Rigacci non cesella mai. Il discorso è fluido, continuo. Se innegabile è il conflitto evolutivo del genio russo in termini mistici attraverso la personale tecnica compositiva e l'uso del centro sonoro, snobbando il tradizionale metodo compositivo, il cammino di Skrjabin si articola con una precisa influenza tardo romantica (impossibile per l'uomo del suo tempo non rimanere coinvolto dal temperamento chopiniano), al simbolismo futurista, un processo tipico di cui ogni genio si abbevera: dalle fonti alla completa conquista del proprio genio domandolo e eleggendolo a firma alla conclusione di questo processo.

Allora la grammatica musicale si percepisce nelle Sonate esplicitamente, in quanto si fa più chiaramente personale nelle ultime composizioni dove la tonalità non viene espressa e l'accordo mistico (consistente, in soldoni, in un esacordo come base armonica e melodica di sei o sette note sulla quale poi far partire i successivi accordi a sviluppo del discorso sonoro).
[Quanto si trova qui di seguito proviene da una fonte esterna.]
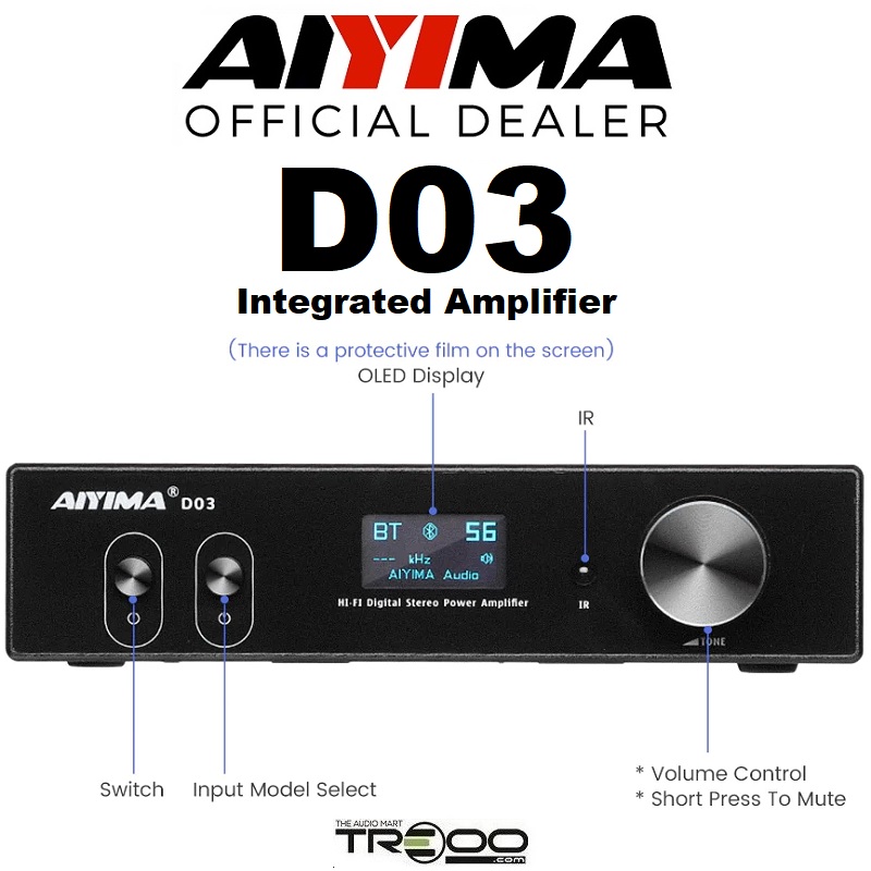 AIYIMA D03 Wireless Bluetooth Receiver/Streamer & Hi-Fi Integrated Amplifier (Official local stock - SG/UK plug)
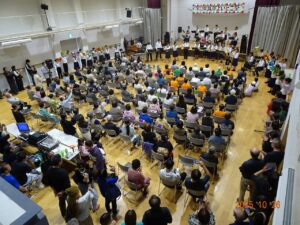 祭りに備えて毎晩練習してきた子供たちの屋台「祭魂会(さいたまかい)」の笛や太鼓の音色が響き「御囃子(おはやし)」は「さくら日本大満開・ハレハレ祭り」など賑やかに子供も皆で踊る総踊り、和気あいあいで楽しそうです。(⌒∇⌒)
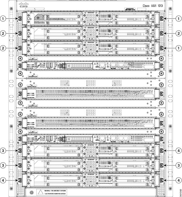 すべての初期 Cisco ASR 1000 シリーズ ESP は共通の高度にプログラム可能なネットワーク Cisco QuantumFlow Processor(パケット処理)に基づいています。Cisco ASR 1013 ルータのスロットは、回転ガイドピンを使用したキーによって、プラグイン カードが動作するスロットだけに挿入を完了できるようになっています。このキー機構によって、カードが許可されていないスロットでミッドプレーンに接触するのを防ぎます。
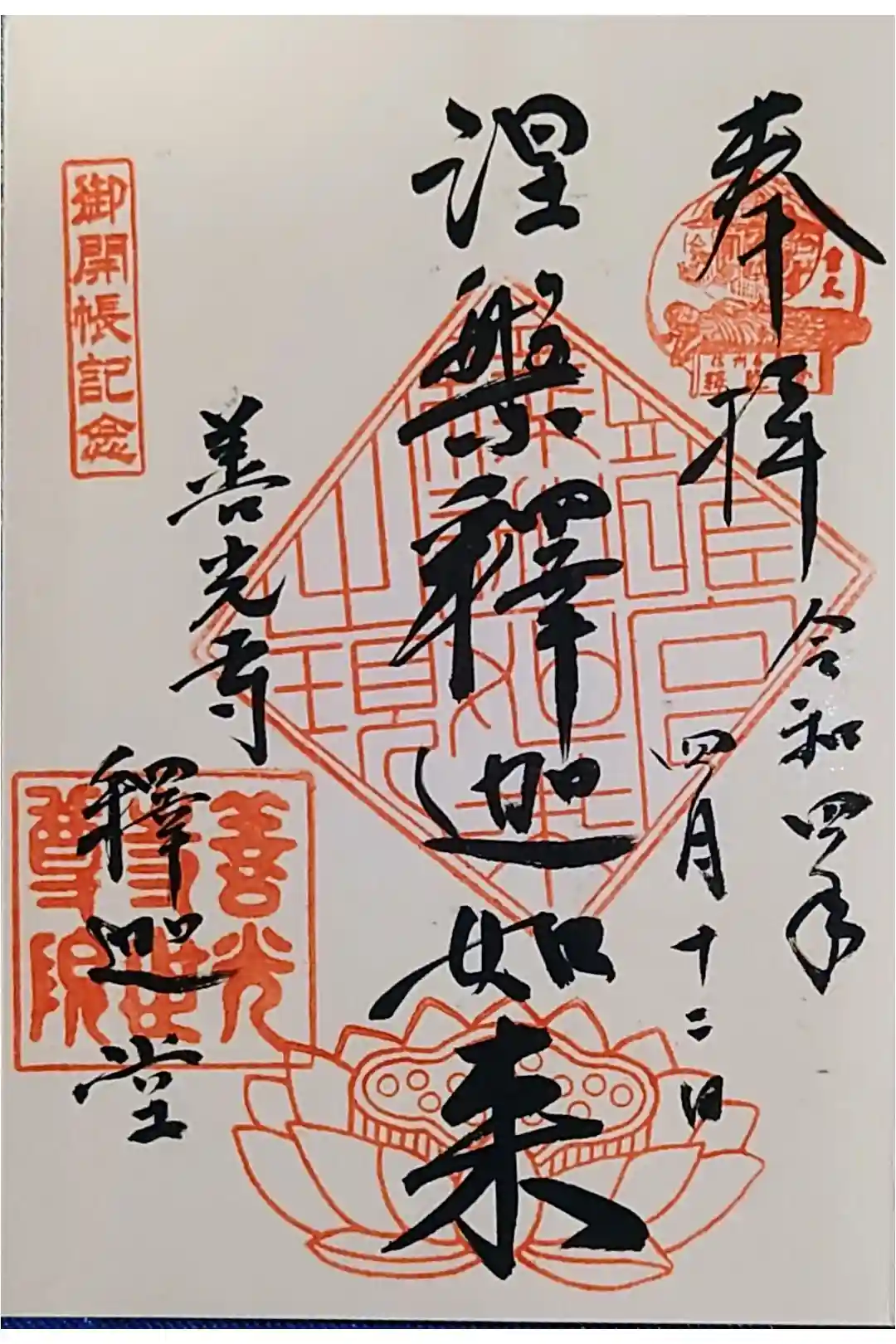 御本尊の涅槃釈迦如来の御朱印を直書きでいただきました。
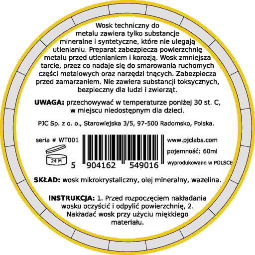 Skład: wosk mikrokrystaliczny, olej mineralny, wazelina.
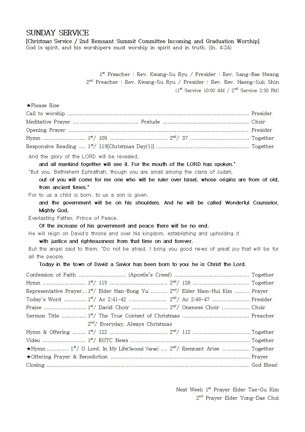 Next Week 1st Prayer Elder Tae-Gu Kim
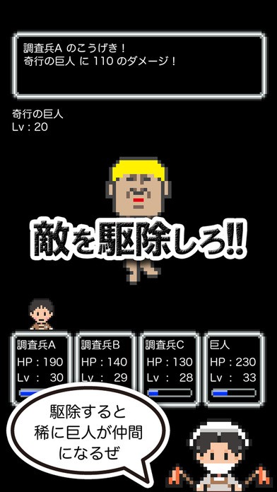 全滅リスクの低いステージを周って戦力を整える方が良いです。また兵団以外にも巨人を倒すとランダムな確率で起き上がり仲間になることがあります。この巨人は一緒に戦ってくれるだけでなく、
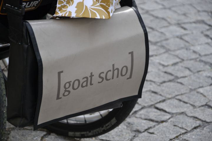 Eine Tasche bei einem Rollstuhl macht Mut. Auf der Tasche prangt die Aufschrift: goat scho.
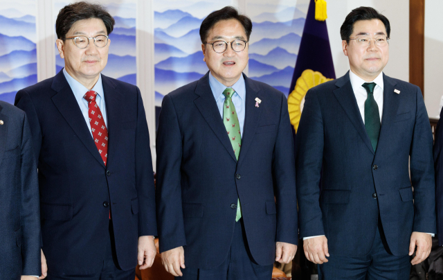 우원식 국회의장과 국민의힘 권성동 원내대표(왼쪽), 더불어민주당 박찬대 원내대표(오른쪽)가 4일 서울 여의도 국회에서 의장 주재 회동에 참석해 기념 촬영하고 있다. 연합뉴스
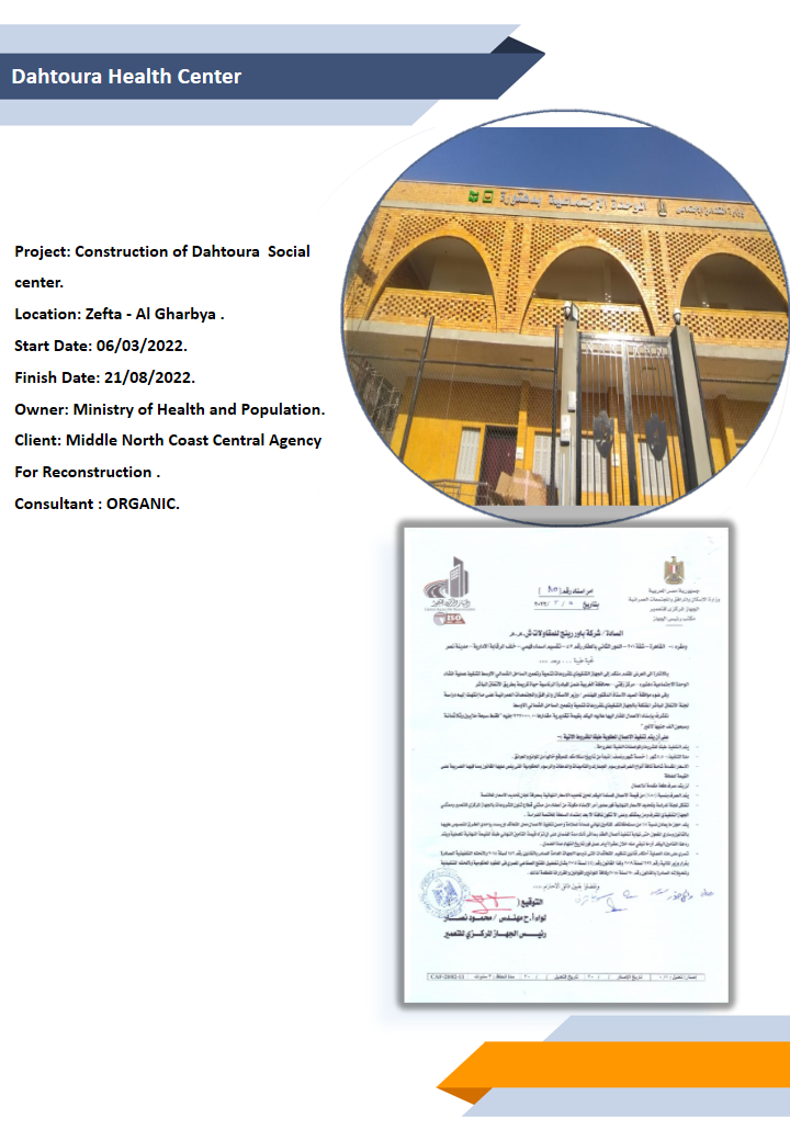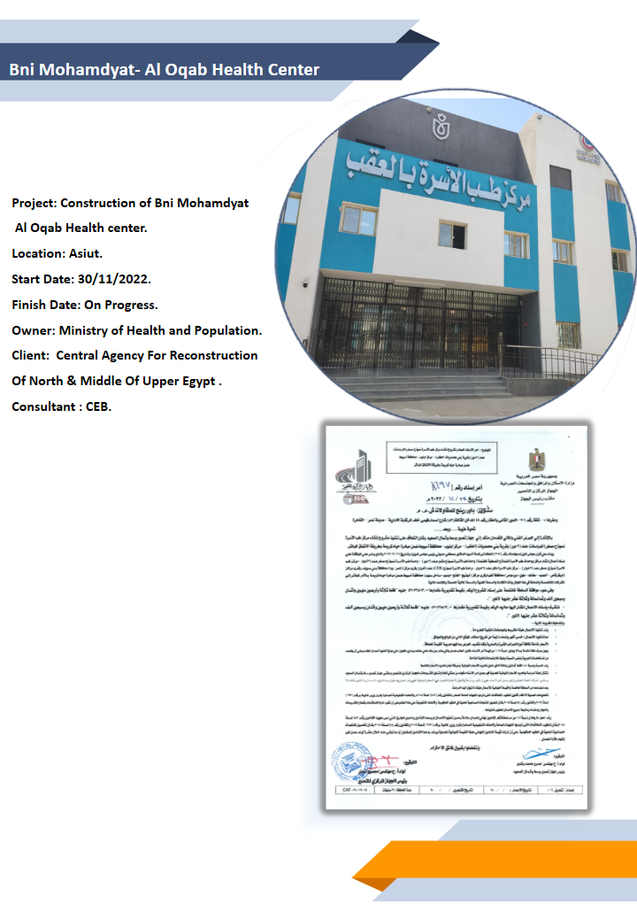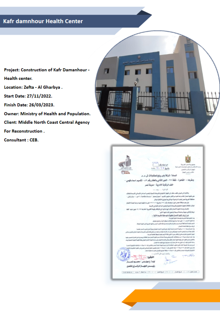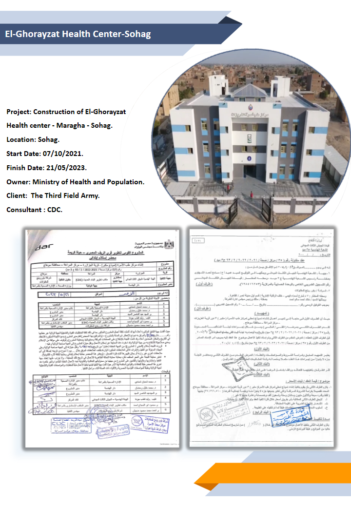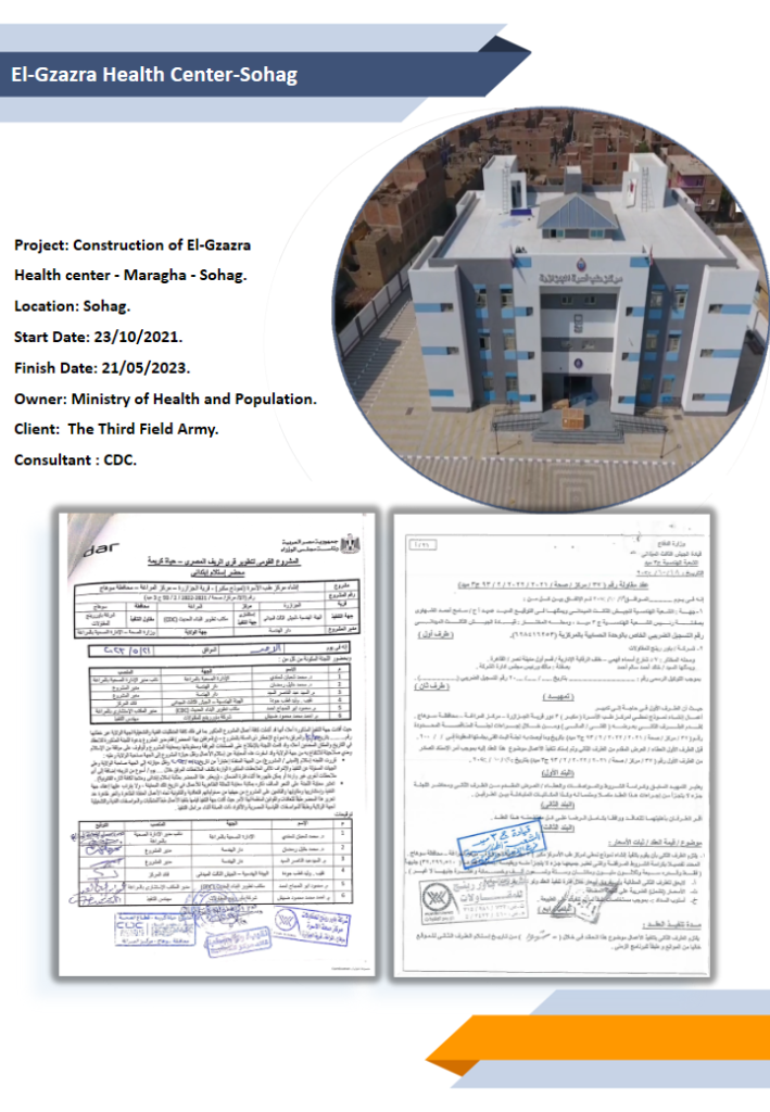 Health Care Centers Area of Expertise El-Ghorayzat Health Center-Sohag Project: Construction of El-Ghorayzat Health center – Maragha – Sohag.Location: Sohag.Start Date: 07/10/2021.Finish Date: 21/05/2023.Owner: Ministry of Health and Population.Client: The Third Field Army.Consultant : CDC. El-Gzazra Health Center-Sohag Project: Construction of El-GzazraHealth center – Maragha – Sohag.Location: Sohag.Start Date: 23/10/2021.Finish Date: 21/05/2023.Owner: Ministry of Health and Population.Client: The Third Field Army.Consultant : CDC. Bni Mohamdyat- Al Oqab Health Center Project: Construction of Bni Mohamdyat Al Oqab Health center.Location: Asiut.Start Date: 30/11/2022.Finish Date: On Progress.Owner: Ministry of Health and Population.Client: Central Agency For Reconstruction Of North & Middle Of Upper Egypt .Consultant : CEB. Kafr damnhour Health Center Project: Construction of Kafr Damanhour – Health center.Location: Zefta – Al Gharbya .Start Date: 27/11/2022.Finish Date: 26/03/2023.Owner: Ministry of Health and Population.Client: Middle North Coast Central Agency For Reconstruction .Consultant : CEB. Dahtoura Health Center Project: Construction of Dahtoura Social center.Location: Zefta – Al Gharbya .Start Date: 06/03/2022.Finish Date: 21/08/2022.Owner: Ministry of Health and Population.Client: Middle North Coast Central Agency For Reconstruction .Consultant : ORGANIC.

Dunque Rigacci si percepisce chiaramente aver sperimentato tutti i colori attraverso lo studio delle dinamiche applicate su ciascun accordo. Questo studio rende il tocco giusto per poter interpretare Skrjabin: i pianissimi e i fortissimi passando dalla fluidità tecnica corretta hanno dettagliato nella sua mente ogni elaborazione per poi finalmente trovare la padronanza del gesto pianistico.

Allora le quarte aumentate risplendono di vitalità, oppure le quarte diminuite si ricoprono di un polveroso azzurro pastello, o ancora divengono un deciso arancione nella quarta giusta. Perchè con Rigacci è la chiave di lettura che svela "...ciò che la mente umana non può concepire". Egli è il mezzo per comprendere la sinestesia Skrjabiniana nella sua completezza.